▶ [Assigned task]:
The data must be reproduced verbatim; images are to be omitted.

▶ [Available data]:
━━━━━━━━━━

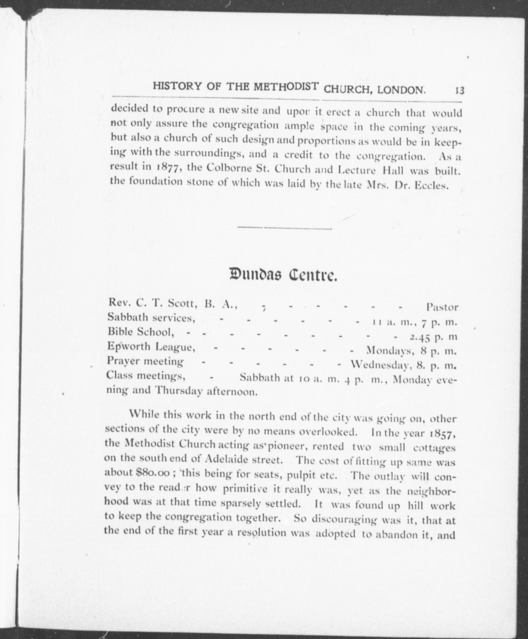 History of the Methodist Church in London, Canada from 1820 to 1905.
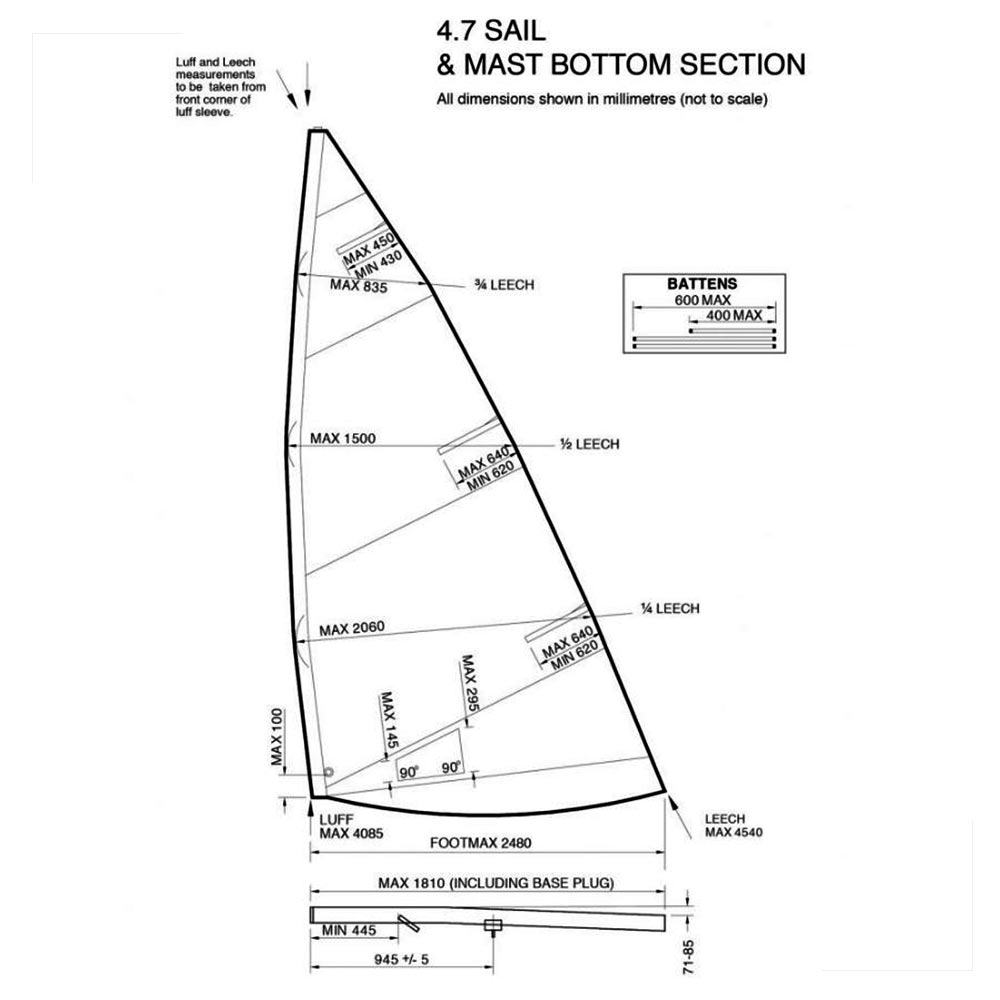 • A vela Laser 4.7 tem 4,70 m2 e é feita de Dacron 4,5oz (127g);
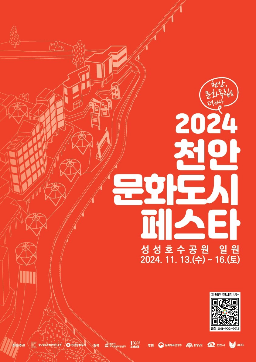 2024 천안문화도시 페스타, ‘천안, 문화독립을 더하다’가 오는 11월 13일(수)부터 16일(토)까지 천안성성호수공원 일원에서 개최된다.

━━━━━━━━━━

▶ [Answer to this exercise]:
 History of the Methodist Church in London, Canada from 1820 to 1905.
 • A vela Laser 4.7 tem 4,70 m2 e é feita de Dacron 4,5oz (127g);
 2024 천안문화도시 페스타, ‘천안, 문화독립을 더하다’가 오는 11월 13일(수)부터 16일(토)까지 천안성성호수공원 일원에서 개최된다.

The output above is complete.